PROBLEM DETAILS:
Restate the data below word for word. Leave the images out.

═══ SOURCE RECORDS ═══

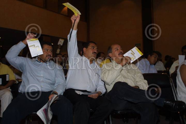 MEXICO, D.F. 18JUNIO2005.- Los asambleistas Alfredo Hernández Raigosa y Lorena Villavicencio platican con sus similares durante la reunión del VI Consejo Estatal del PRD. FOTO: Alejandro Arvizu/CUARTOSCURO.COM
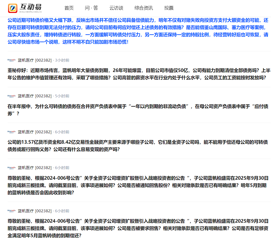 值得注意的是,本次战略投资方与蓝帆医疗签订了“对赌协议”,协议约定,蓝帆柏盛需在2026年9月30日前实现发行上市,如蓝帆柏盛未能达到“对赌协议”约定的条件,投资方有权要求蓝帆医疗回购所持有的股份,并支付年化10%的收益。
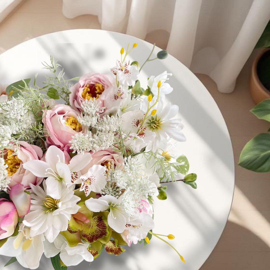 ふわりと咲きこぼれるボタンローズ、気品あふれるシンビジウム、華やかさを添えるダリアやシャクヤク──
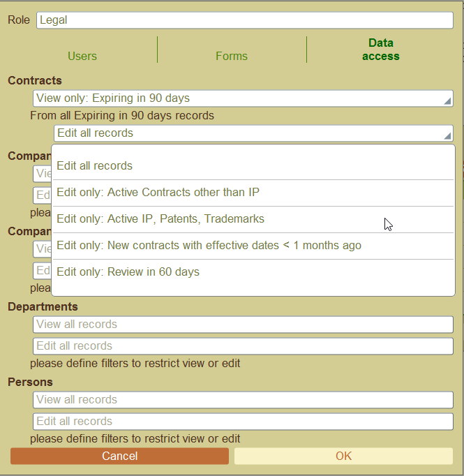 The Data access tab in the Roles dialog allow you to further refine viewing and editing rights on for each role using predefined filters designated on each data container.
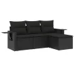 vidaXL Vrtna sedežna garnitura 4-delna z blazinami črna poli ratan
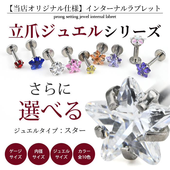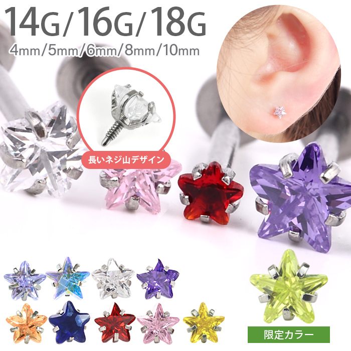 2月3月4月限定カラー入荷 高評価 4.43点 ボディピアス ラブレット 16G 14G 星 スター ジュエル 金属アレ対応 ステンレス 立爪ジュエルシリーズ
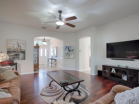 LOVELY FURNISHED 3/2 HOLLY DESIGNER located in the Village of COLLIER! This home has great curb appeal with a cemented stamped design driveway, stacked stone curbing with lovely landscaping! This unique model has a COAT CLOSET in the foyer with 18" TILE flooring which you will also find in the kitchen, baths and laundry! Beautiful HARDWOOD enhances the living room and all bedrooms! This is a NO CARPET home! Fabulous kitchen offers so much counter space and cabinets with an island, an EAT-IN area for casual dining and a convenient built in desk! Lovely high definition laminate beveled edge counter tops, deep stainless sink, TILED BACKSPLASH, over and under counter lighting, STAINLESS appliances, double door PANTRY, pull out drawers and PENDANT lighting over the island! The dining room is conveniently located right off of the kitchen with a full wall of windows for more natural lighting! Plenty of space in the generous living room and remember -- this HOME IS FURNISHED! The sliding glass doors open out to the glass enclosed "all year round" lanai with beautiful TRAVERTINE flooring! Behind the home you will find low maintenance landscaping with rocks and PRIVACY shrubs! The 2 guest rooms are located in the front of the home; one with a tray ceiling and walk-in closet and the other with vaulted ceilings and double door closet. The guest bath has a custom framed mirror with tub and lovely tiled shower! The master bedroom has a large wall mounted TV and an en-suite master bath with his and hers closets with extra shelving, his and hers sinks, a vanity, framed mirror, ROMAN SHOWER and separate toilet room! Conveniently located just minutes to Brownwood Paddock Square, shopping and dining! COME SEE ALL THIS HOME HAS TO OFFER! GREAT PRICE - GREAT HOME!
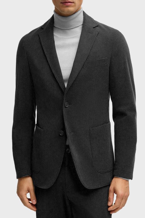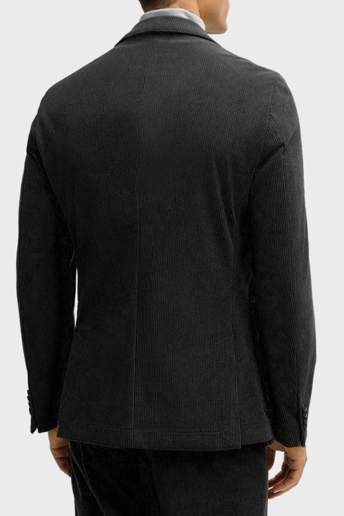 Мужской черный вельветовый пиджак Hanry из полиэстера от Hugo Boss (Хуго Босс). Отложной воротник, застежка на пуговицы, накладные карманы, фигурный низ изделия.

═══

EXERCISE ANSWER:
 MEXICO, D.F. 18JUNIO2005.- Los asambleistas Alfredo Hernández Raigosa y Lorena Villavicencio platican con sus similares durante la reunión del VI Consejo Estatal del PRD. FOTO: Alejandro Arvizu/CUARTOSCURO.COM
 值得注意的是,本次战略投资方与蓝帆医疗签订了“对赌协议”,协议约定,蓝帆柏盛需在2026年9月30日前实现发行上市,如蓝帆柏盛未能达到“对赌协议”约定的条件,投资方有权要求蓝帆医疗回购所持有的股份,并支付年化10%的收益。
 ふわりと咲きこぼれるボタンローズ、気品あふれるシンビジウム、華やかさを添えるダリアやシャクヤク──
 The Data access tab in the Roles dialog allow you to further refine viewing and editing rights on for each role using predefined filters designated on each data container.
 vidaXL Vrtna sedežna garnitura 4-delna z blazinami črna poli ratan
 2月3月4月限定カラー入荷 高評価 4.43点 ボディピアス ラブレット 16G 14G 星 スター ジュエル 金属アレ対応 ステンレス 立爪ジュエルシリーズ
 LOVELY FURNISHED 3/2 HOLLY DESIGNER located in the Village of COLLIER! This home has great curb appeal with a cemented stamped design driveway, stacked stone curbing with lovely landscaping! This unique model has a COAT CLOSET in the foyer with 18" TILE flooring which you will also find in the kitchen, baths and laundry! Beautiful HARDWOOD enhances the living room and all bedrooms! This is a NO CARPET home! Fabulous kitchen offers so much counter space and cabinets with an island, an EAT-IN area for casual dining and a convenient built in desk! Lovely high definition laminate beveled edge counter tops, deep stainless sink, TILED BACKSPLASH, over and under counter lighting, STAINLESS appliances, double door PANTRY, pull out drawers and PENDANT lighting over the island! The dining room is conveniently located right off of the kitchen with a full wall of windows for more natural lighting! Plenty of space in the generous living room and remember -- this HOME IS FURNISHED! The sliding glass doors open out to the glass enclosed "all year round" lanai with beautiful TRAVERTINE flooring! Behind the home you will find low maintenance landscaping with rocks and PRIVACY shrubs! The 2 guest rooms are located in the front of the home; one with a tray ceiling and walk-in closet and the other with vaulted ceilings and double door closet. The guest bath has a custom framed mirror with tub and lovely tiled shower! The master bedroom has a large wall mounted TV and an en-suite master bath with his and hers closets with extra shelving, his and hers sinks, a vanity, framed mirror, ROMAN SHOWER and separate toilet room! Conveniently located just minutes to Brownwood Paddock Square, shopping and dining! COME SEE ALL THIS HOME HAS TO OFFER! GREAT PRICE - GREAT HOME!
 Мужской черный вельветовый пиджак Hanry из полиэстера от Hugo Boss (Хуго Босс). Отложной воротник, застежка на пуговицы, накладные карманы, фигурный низ изделия.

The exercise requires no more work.